EXERCISE BRIEF:
From the line with "240小時過境免籤政策適用口岸和停留活動區域" through the last line of the records below, both ends included, transcribe only those lines, exactly, and omit the pictures.
----
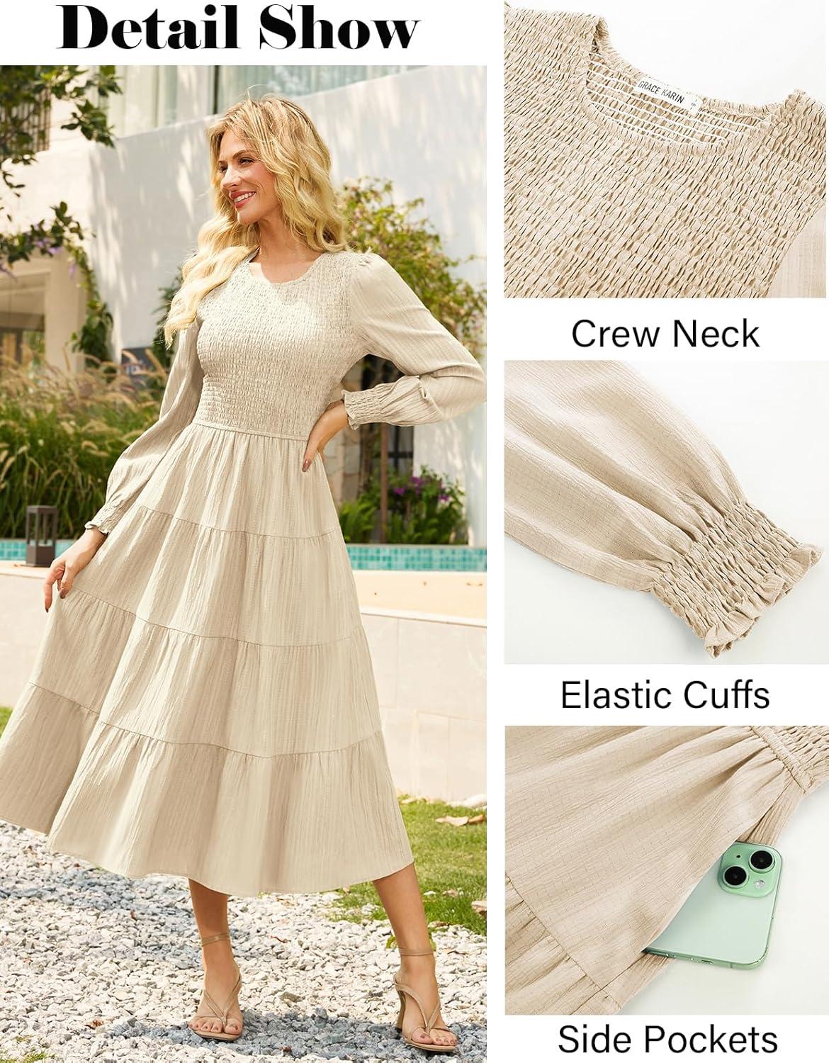 GRACE KARIN Women's Fall Long Sleeve Dresses, 2025 Wedding Guest Midi Dress, Smocked A Line Flowy Dresses with Pockets(Apricot)
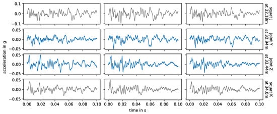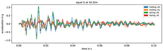 Measurement data of squat G, colored by direction and axle. The data are band-pass filtered to 10–1000 Hz after standard pre-processing and aligned using the timelag derived from the correlation coefficient (maximal allowed timelag set to 0.01 s).
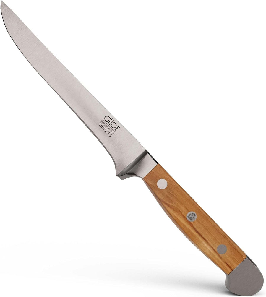 GÜDE Solingen - Ausbeinmesser flexibel geschmiedet, 13 cm, Olivenholz, ALPHA OLIVE, Doppelkropf, Han
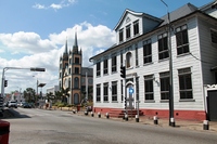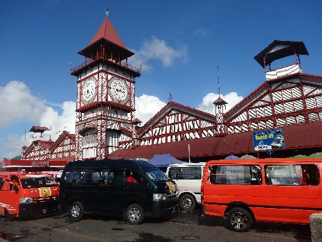 IStabroek Marketn Georgetown selbst können wir uns die St. George's Cathedral, eine der größten Holzkirchen der Welt, ansehen, den wuseligen Stabroek Market durchstöbern sowie das National Museum und die davor liegenden kleinen Stände mit typischen Souvenirs aus Guyana. Zum Sonnenuntergang lohnt ein Abstecher zur Seawall, wo sich verliebte Pärchen, Großfamilien und Freunde an der Uferpromenade treffen, um den Abend zu begrüßen. Dann heißt es schon wieder Abschied nehmen von Guyana und wir fahren zurück nach Suriname.
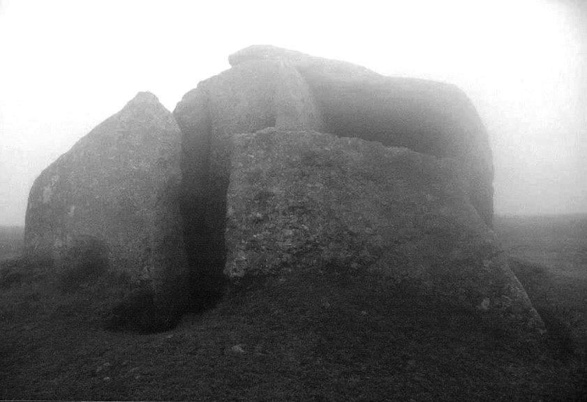 Two giant portal slabs restrict the entrance to an antechamber whilst access to the main chamber is only possible through a narrow gap at the South-western corner. The rear supporting upright has fallen inwards causing the capstone to slide backwards and sideways.
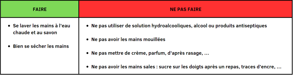 Si le patient effectue lui même le prélèvement, lui demander de bien se savonner les mains à l'eau chaude puis de les sécher soigneusement.
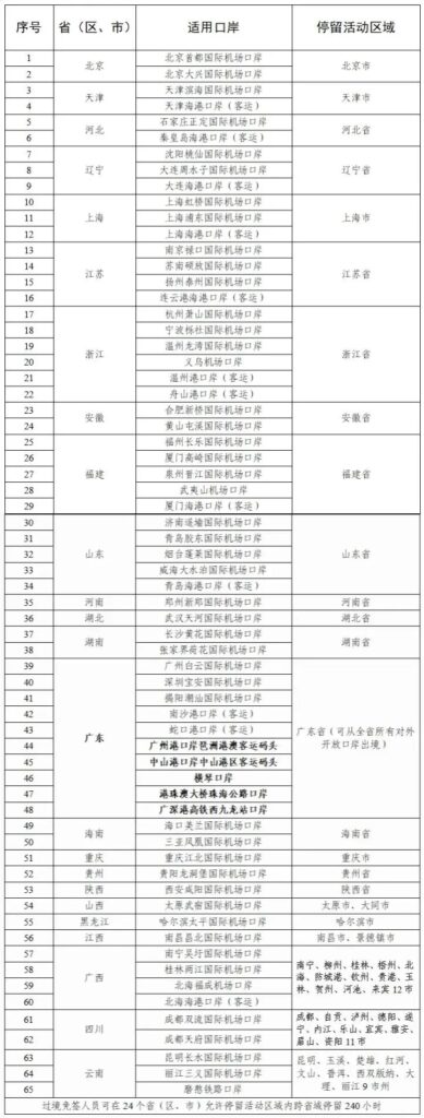 240小時過境免籤政策適用口岸和停留活動區域
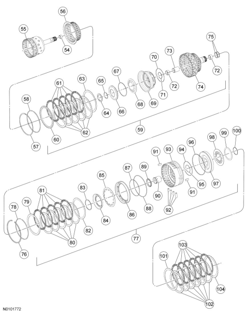 36. Install the low/reverse clutch plates, starting with the pressure plate and alternating between the friction and steel plates and ending with the wave spring plate on the top.
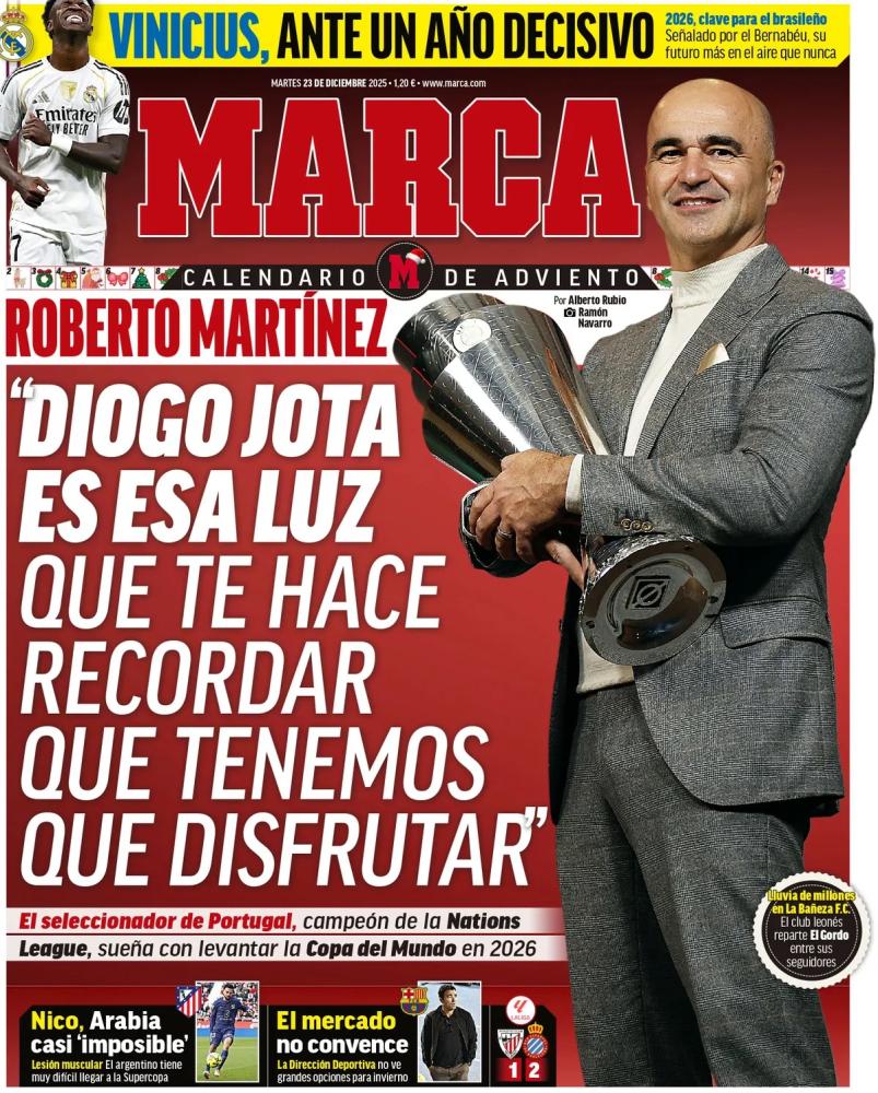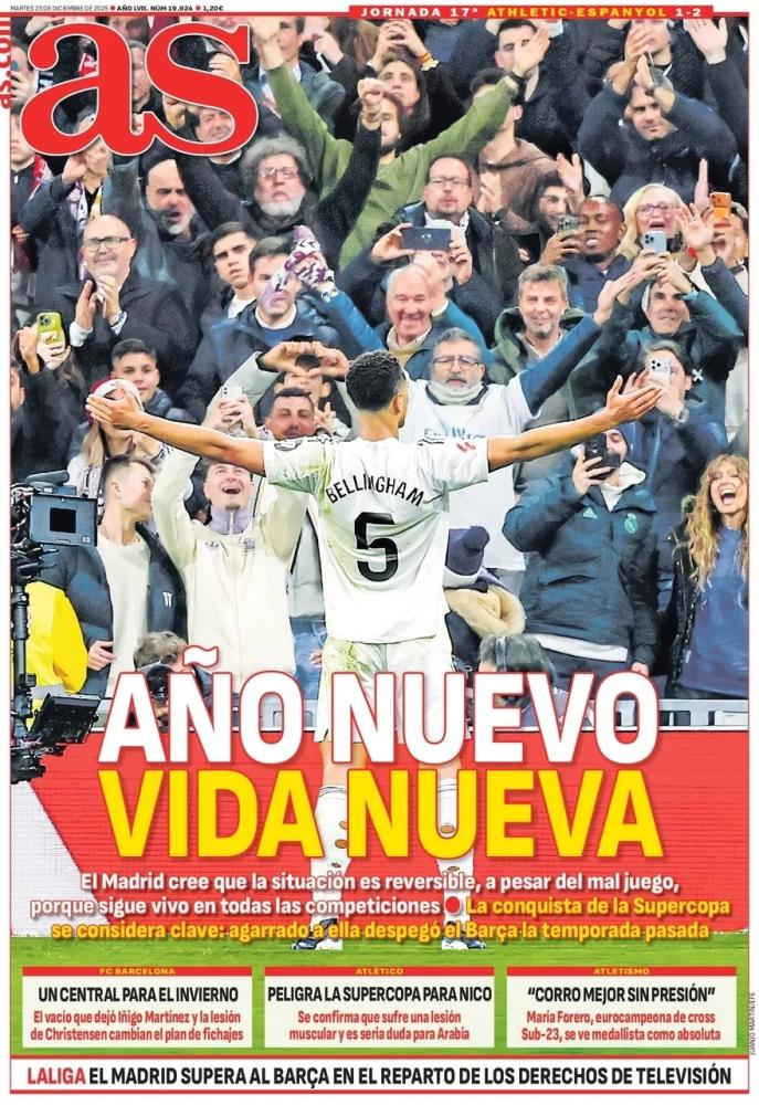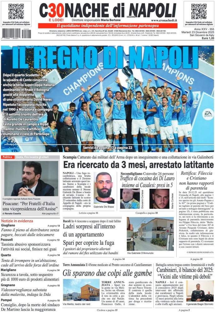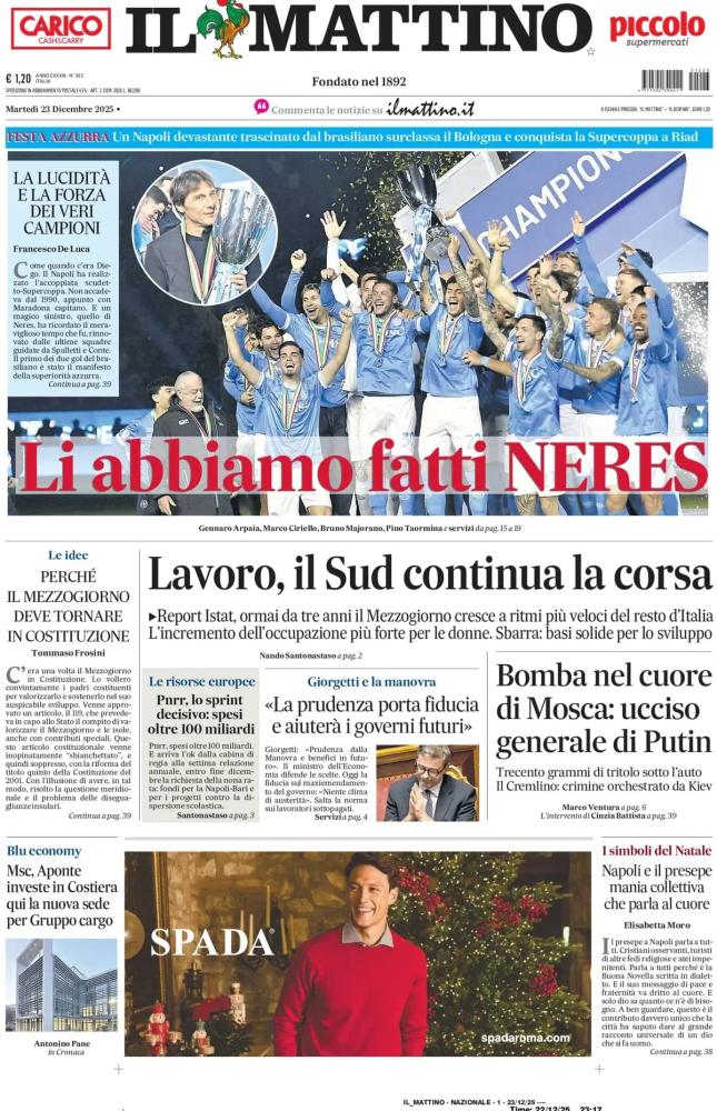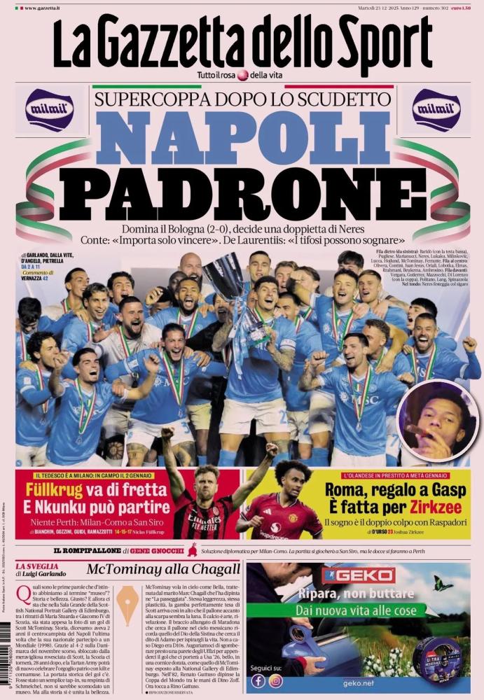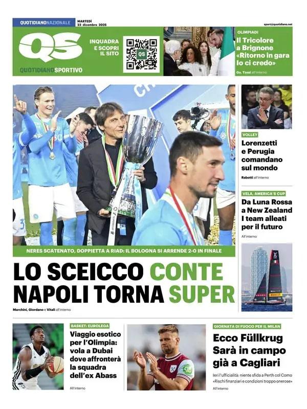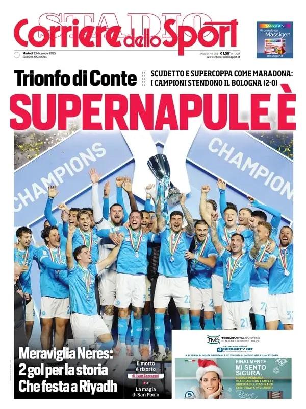 Nella giornata di oggi, martedì 23 dicembre, il Napoli viene celebrato su tutte le prime pagine dei quotidiani nazionali sportivi in edicola. La banda di Antonio Conte a distanza di sette mesi dal quarto Scudetto della storia del club ha saputo conquistare la Supercoppa, grazie ad una roboante doppietta di David Neres, letteralmente esploso in azzurro questa stagione. Il Bologna, che aveva eliminato l'Inter ai calci di rigore in semifinale, viene sconfitto sul più bello 2-0 e deve tornare a casa a mani vuote.
----
TASK RESULT:
 240小時過境免籤政策適用口岸和停留活動區域
 36. Install the low/reverse clutch plates, starting with the pressure plate and alternating between the friction and steel plates and ending with the wave spring plate on the top.
 Nella giornata di oggi, martedì 23 dicembre, il Napoli viene celebrato su tutte le prime pagine dei quotidiani nazionali sportivi in edicola. La banda di Antonio Conte a distanza di sette mesi dal quarto Scudetto della storia del club ha saputo conquistare la Supercoppa, grazie ad una roboante doppietta di David Neres, letteralmente esploso in azzurro questa stagione. Il Bologna, che aveva eliminato l'Inter ai calci di rigore in semifinale, viene sconfitto sul più bello 2-0 e deve tornare a casa a mani vuote.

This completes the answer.